Most of the funds invest in micro, small and medium-sized local enterprises that would be hard or impossible to finance directly in a cost-effective way. Our focus is on funds that provide capital for business expansion where the investment would not be possible without the equity-rated financing that the fund offers.
Funds’ investments are generally made and managed by teams that combine skills in equity investment, obtained in developed markets, with in-depth knowledge of the local market. By using private equity funds, Finnfund reduces the risk of operating in low-income countries.
Rest of Finnfund’s fund investments are in sectoral funds that concentrate on matters like renewable energy, sustainable forestry, agriculture or micro-financing. These funds typically operate in many countries, transferring skills across borders.
Most fund co-investors are other development finance institutions but there are also insurance companies and pension funds from the investee countries. Foreign institutional investors, on the other hand, usually postpone their involvement until there is a track record of success. As and when a country or sector previously regarded as challenging begins to develop and private equity operations become established, institutional investors start showing an interest in the fund. Then, development finance institutions like Finnfund can move on to new projects where commercial financing is not yet adequately available.
Funds are typically established for a fixed duration of about 10 years. A fund generally invests the subscriptions it receives in its first few years; then its focus shifts to developing its investments and finally to exiting them. Finnfund’s private equity fund commitments generally range from five to ten million euros.

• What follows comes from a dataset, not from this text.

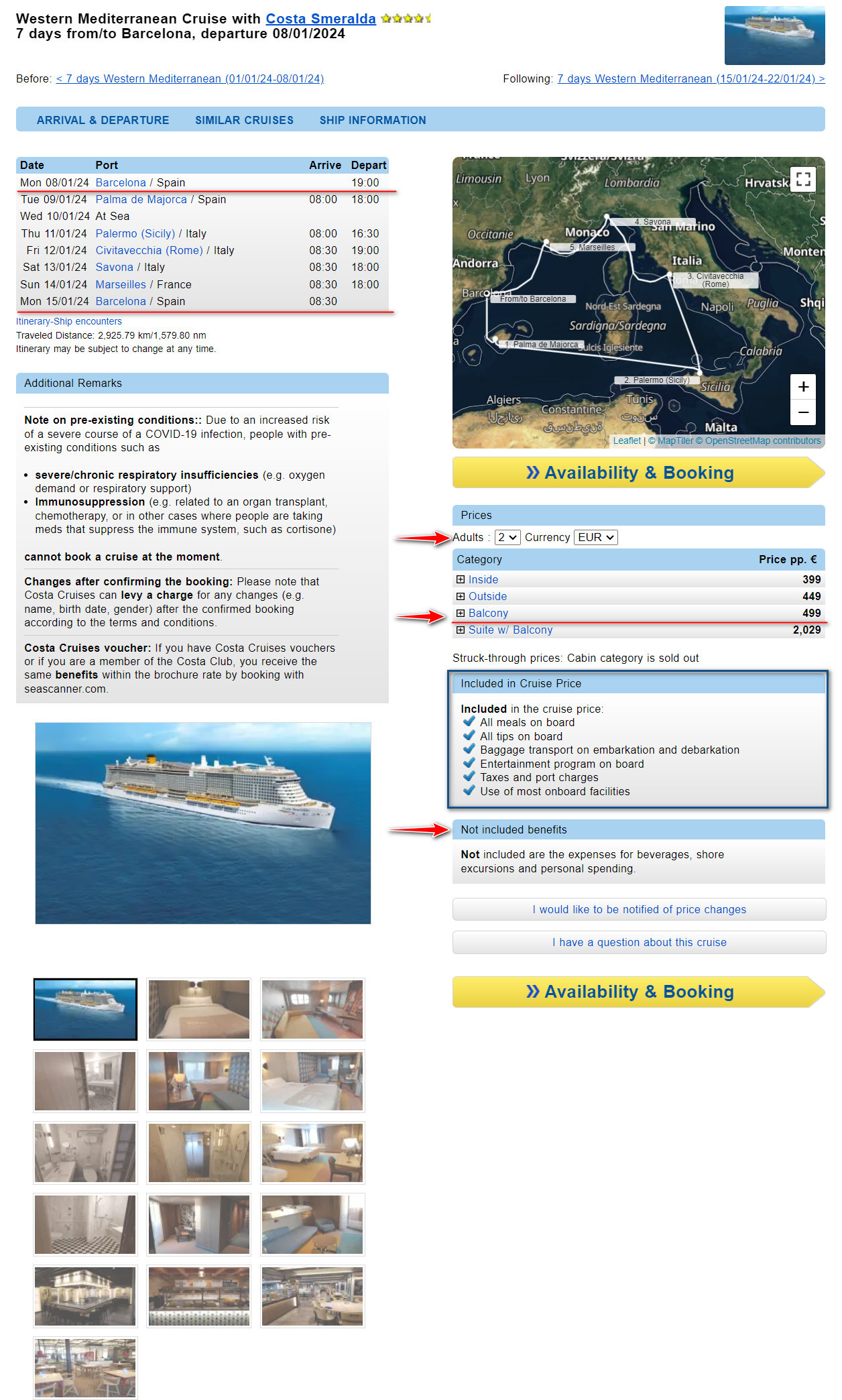 W cenę przygotowanego przeze mnie pakietu wliczony jest 7-dniowy rejs wycieczkowcem Costa Smeralda po basenie Morza Śródziemnego. Statek wypływa i wraca do portu w Barcelonie. Więcej informacji znajdziesz poniżej w tekście. Wskazówka! Jak dojechać do danego portu dowiesz się z tej strony internetowej whatsinport.com.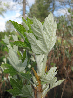 horizon! Dr. Gredler aerated the remainder of our lawns after Larry located/flagged the irrigation heads. Maury was in to run various errands and we also saw Shirley (weeding), Kris, Pat M. and many others. Karen M. and Lucas worked in the Japanese garden. Jenny was in later to continue gardening efforts in a couple different locations. Cindi was in to weed in the afternoon and Tom and Nancy F. helped organize many of our historic plans/designs. To the right is the emerging foliage of the oakleaf hydrangea (Hydrangea quercifolia) which has some nice silvery undersides to the leaves. While our oakleaf hydrangeas only bloom sporadically (summer), I like them for bold texture and a pretty reliable reddish maroon fall color (late October). Directly below is the chartreuse foliage of the 'Pistache' coral bell (Heuchera) which has a nice big leaf and is one of the "villosa hybrids" which are known for size, vigor and durability. Further down is the emerging orange-maroon foliage of the Coppertina ninebark (Physocarpus opulifolius 'Mindia') which is quite an eyecatcher with that interesting foliage coloration. It does maintain an orange tint thru the summer and gets a nice maroon-red fall color as well. This is my favorite of the ninebarks (at the moment!).

Most of the private equity funds that invest in developing countries are registered in international financial centres. Africa-based funds are generally registered in Mauritius. Another common domicile is Luxembourg. The countries of registration are conduits, channelling investments from many different places to investee countries. Funds do not pay taxes in their country of registration but investors and investees pay taxes in their home countries. In 2014 companies financed by Finnfund’s private equity funds paid a total of about EUR 149 million euros in taxes and similar charges in investee countries. 30 per cent was income taxes and the rest other payments to government.
Finnfund is opposed to tax evasion, corruption and money-laundering in investee countries and domiciles. We conduct background checks on co-investors and management companies, and require diligent reports from funds on their investee companies, taxes paid, and so on. Alongside many other development finance institutions, we urge countries of registration to create transparent regimes by investing only in the funds that are registered in countries observing the progressively stricter demands agreed in the OECD Global Forum. In 2015 there were 20 countries on the updated list of domiciles of funds that Finnfund does not invest in (Micronesia, Guatemala, Kazakstan, Lebanon, Liberia, Nauru, Trinidad and Tobago, Vanuatu, Andorra, Anguilla, Antigua and Barbuda, Barbados, Costa Rica, Indonesia, Israel, St Lucia, Samoa, Sint Maarten, Turkey).